Charles A Young kept a daily diary through 1848.  In this year his wife Mary Anne gives birth to their son, also called Charles.  As a former military man his entries are sometimes rather regimented but I find it fascinating to glimpse the life of someone 162 years ago.

“A cold day but fine.  Rose at 7.30 M A & I breakfasted at 8.30 & I was in at home till 12 when I walked out to Kensington & back.  M A & I dined at 3 & at 5 I walked by myself to Brixton Church.  I was back home by 6.30 & M A & I had tea at 7.30.  I then read the paper & at 10.30 we went to bed.”

Rose’s poetry – The Successful Wing Commander

This faded blue album begins with 2 pages of French dated 1912 then on the third page has the inscription –

Christmas 1942.  This book was given to me by my father, so that I could keep an account of my private patients in Penarth/Glam.  Previous to this it was used by my father for testimonials, re teaching.  Rose A Porter 27. XII. 42

At the back of the book, after the observations on the patients she encountered Rose has written a collection of poems.  The first is prefaced by this –

In May, Wing Commander McGovern, supervisor of M.O’s in the Air Ministry, took occasional evening surgeries for Dr Lindsay, who during this month was very busy with bringing Babes into the world. The “poem” on the opposite page, was “inspired” when Dr Lindsay, already busy on a case had an urgent message to go to yet another confinement but Wing Commander who was available went in his stead.  His feelings were not too happy, not having delivered an infant since his student days; however he was successful in impressing the household of his capabilities.  Dr Lindsay arriving on the scene before babe born. This caused much amusement at “Westcross” –

The Successful Wing Commander


At six o clock on Tuesday night,

The Wing Commander gay & bright,

Said “Lets begin & get there off

The doctor’s busy on an op:

He’ll be here when all is well

We’ll start the first, so ring the bell”.


The bell was rung & each in haste

Went into him to know their fate

When all at once the phone began

To make an awful din & clang,

“Please come at once without delay

The baby here, is on its way.”


“The doctor’s out, what shall I do!

Whoever can I send to you

The doctor’s busy on a case

Someone here now takes his place

Commander McGovern most kind indeed

I’m sure if I ask him, he’ll come & be pleased.”


“I’ll send him along at once to you

Don’t be alarmed he’s in Air Force Blue

He commands the men & commands the air

And for babes & such has quite a flair”

“Thanks” said the nurse “but oh what a stew

instead of the Lishman its Air Force Blue!”


The Commander with speed donned coat & hat

Picked up his case & thought that’s that

“I’m off” said he “to hold her hand

I’ll do my best or else I’m dammed

I’ll boil things up & have a big show

So my fear of babes, they will not know”


So off he went & marched very brisk

And tried not to think of perhaps the risk

He was Air Force Blue & commanded the air

He didn’t mind babes, or even a pair

He would be charming & kind & gracious too

He must remember his Air Force Blue


He rang the bell and walked inside

He was all puffed up and full of pride

He opened his case and with a flurry

He called the nurse & said “please hurry

Boil all these up and hurry along

If we’re prepared we can’t go wrong.”


“Here’s scissors & syringe & forceps too

And a hundred things for you to do

The water must be boiling hot

Have you prepared the baby’s cot?

Threaded needles, have you thought of that?

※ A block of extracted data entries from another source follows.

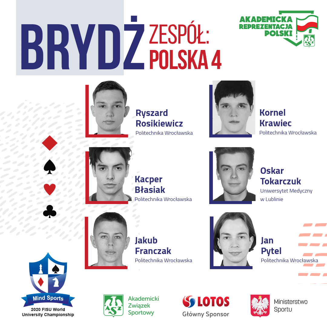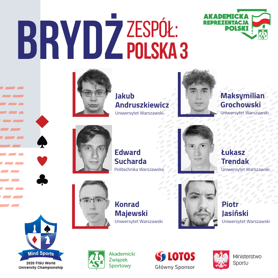 Również w zmaganiach brydżystów rywalizować będą czołowi zawodnicy świata. – Do faworytów należą też reprezentanci Polski, wicemistrzowie świata sprzed dwóch lat Jakub i Patryk Patreuha. Polacy właściwie z każdej akademickiej imprezy przywożą medale, więc mam nadzieję, że teraz będzie podobnie – mówi Stanisław Gołębiowski, który z ramienia komitetu organizacyjnego sprawuje pieczę nad turniejem w brydżu.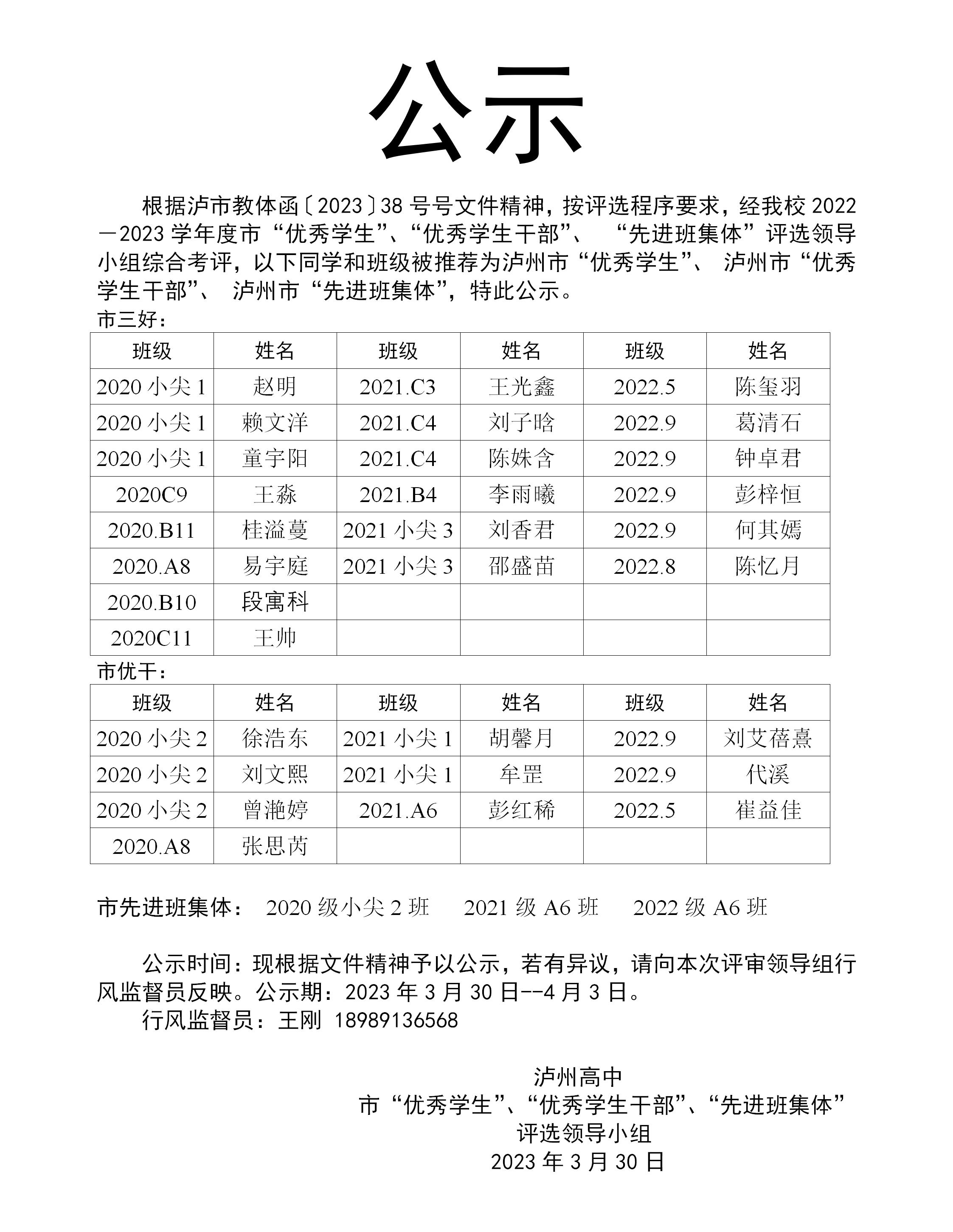泸州高中关于2022-2023学年度市“优秀学生”、“优秀学生干部”、 “先进班集体”推荐对象的公示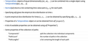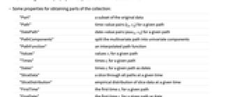 "Part" a subset of the original data "Path" time-value pairs {tij,vij} for a given path "DatePath" date-value pairs {dateij,vij} for a given path "PathComponents" split the multivariate path into univariate components "PathFunction" an interpolated path function "Values" values vi for a given path "Times" times ti for a given path "Dates" times ti for a given path as dates "SliceData" a slice through all paths at a given time "SliceDistribution" empirical distribution of slice data at a given time "FirstTime" the first time t1 for a given path "FirstDate" the first time t1 for a given path as date "LastTime" the last time for a given path "LastDate" the last time for a given path as date "FirstValue" the value v1 at the first time for a given path "LastValue" the value at the last time for a given path - Specifying td["Path",p] gives the time-value pairs for the paths specified by p, where p can be any valid Part specification.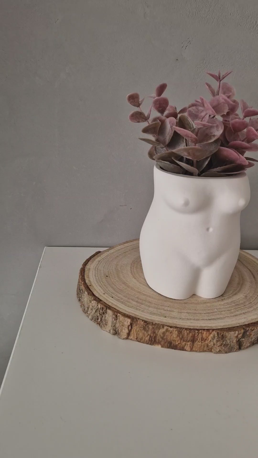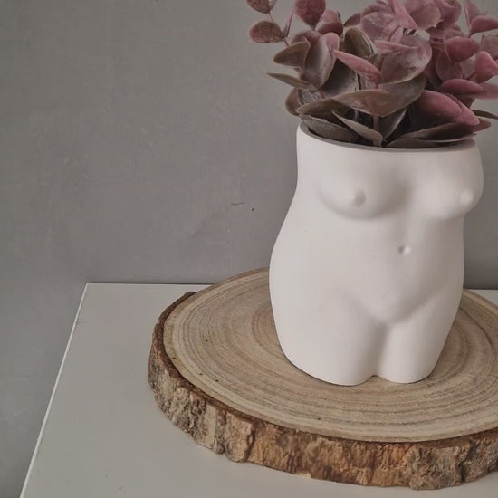 Diese handgefertigte Vase in Form eines weiblichen Torsos ist eine Hommage an natürliche Schönheit und femininen Ausdruck. Die klaren Linien und die matte, samtige Oberfläche verleihen dem Objekt eine skulpturale Ästhetik. Gefertigt aus hochwertigem Raysin eignet sich diese Vase perfekt als minimalistisches Dekoobjekt oder als stilvoller Behälter für Trockenblumen, Zweige oder kleine Accessoires.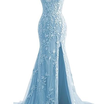 Fokissy Mermaid Prom Dresses with Slit Lace Applique Tulle Sweetheart Formal Evening Gown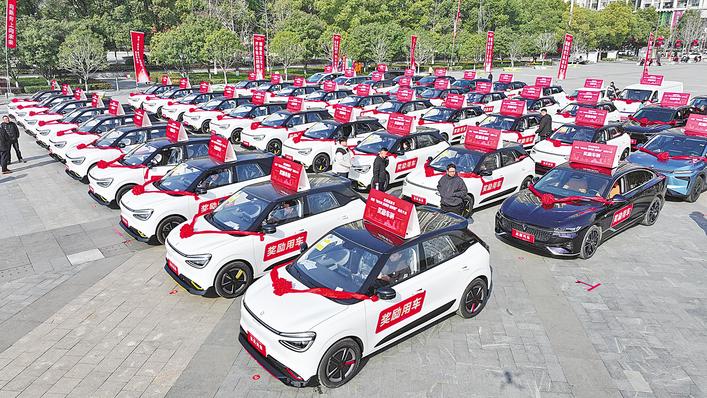 2月10日,襄阳高新区召开持续“转作风 抓项目 促转型”动员大会,现场奖励优秀企业和项目63辆汽车,总价值567万元。 (湖北日报全媒记者 汪璐 通讯员 陈建 陆定琴 摄)
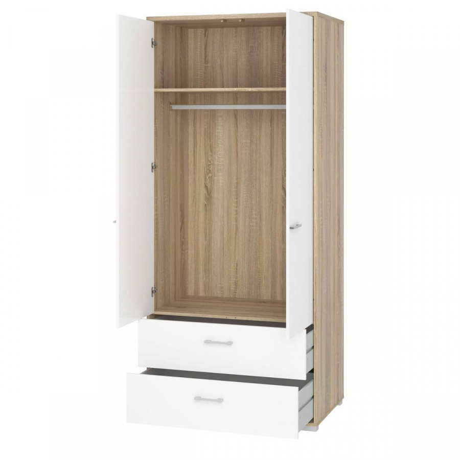 Šatní skříň Dante je vyrobená v jednoduchém a nadčasovém skandinávském stylu, který se hodí do každého interiéru. Při výrobě je kladen důraz na ekologii, takže je vyráběna v souladu s ohledy na životní prostředí. Své uplatnění najde nejen v ložnici, ale také v dětském nebo studentském pokoji i v předsíni. Praktické členění skříně, které je vyobrazeno v doplňkových fotografiích, poskytuje dostatek úložného prostoru a pomůže Vám tak udržet ve Vašich věcech přehled a pořádek. Skříň je dodávaná v demontu. Součástí balení je montážní návod včetně všech spojovacích prvků.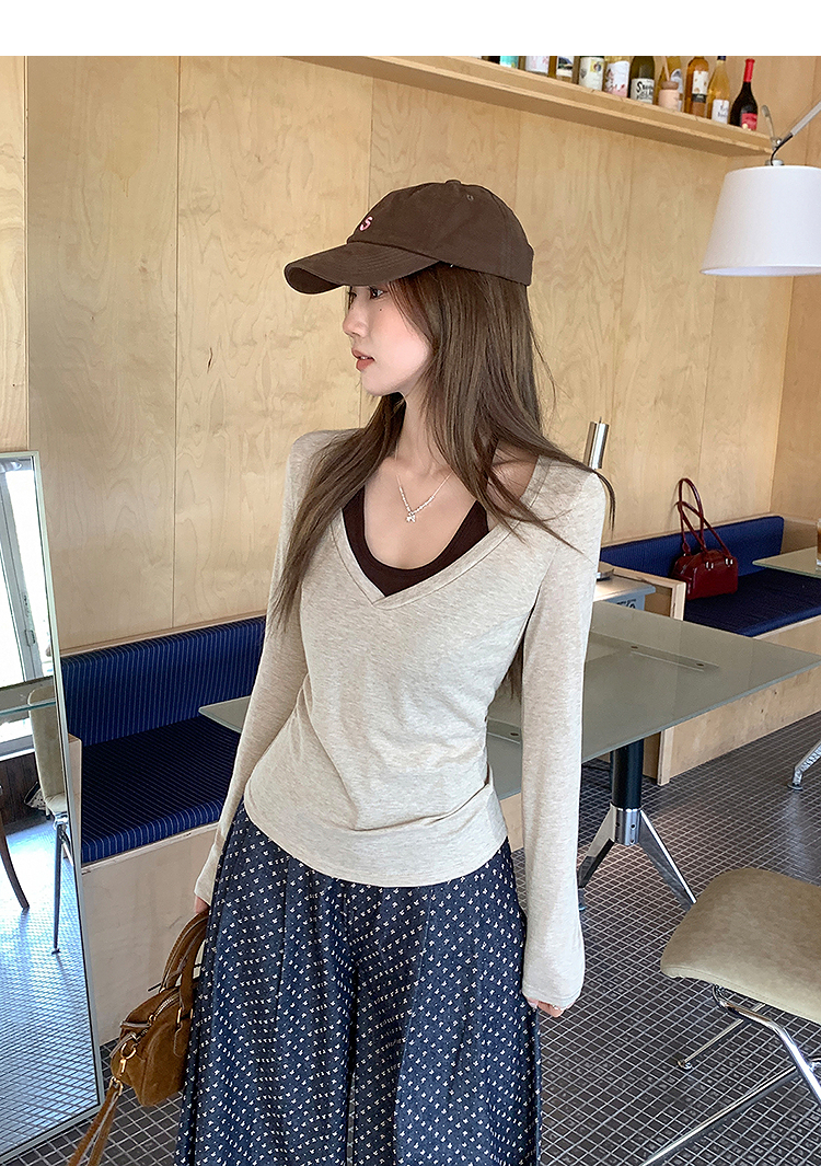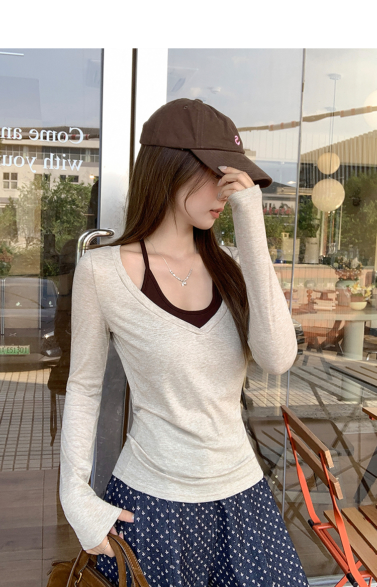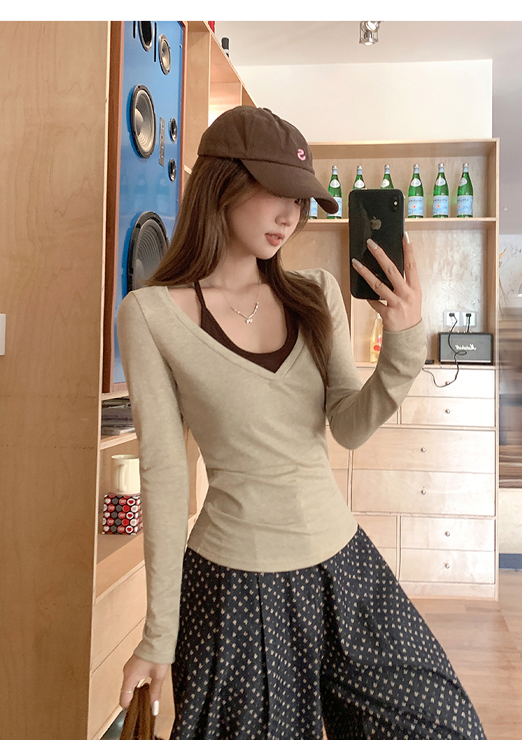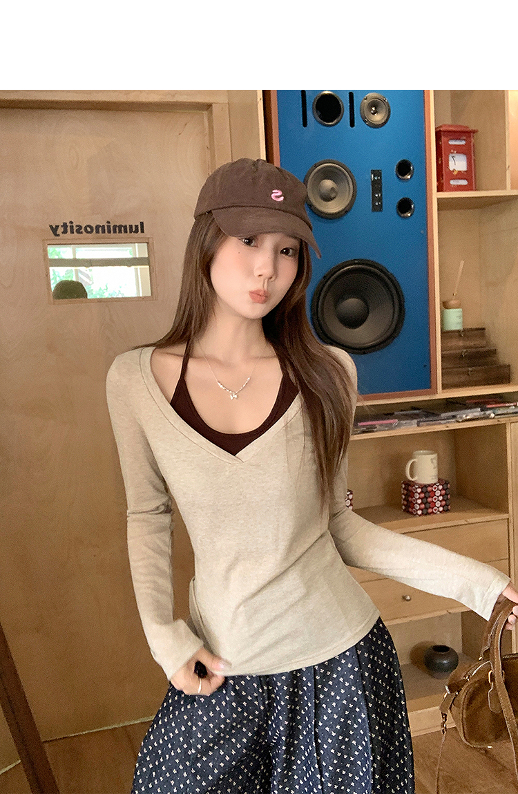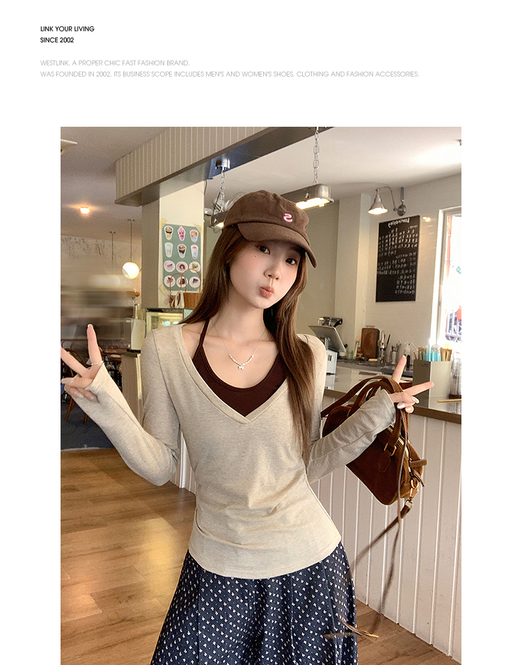 西遇修身长袖t恤女外穿秋季新款设计感挂脖撞色内搭打底衫SS051583

We must be ready for the Little Brat.”


Sleeves rolled up & gloved & gowned

He strutted up, he strutted down

The family raised their eyes to Heaven

So this was Wing Commander McGovern

He strutted up, he strutted down,

When aft he heard a sudden sound…


The voice he knew, t’was not the mother

It was – Ah God! – his professional brother

Beneath the gown his heart beat fast

“He’s come – before the babe – At last!

“Deliver the child, thats all you need do.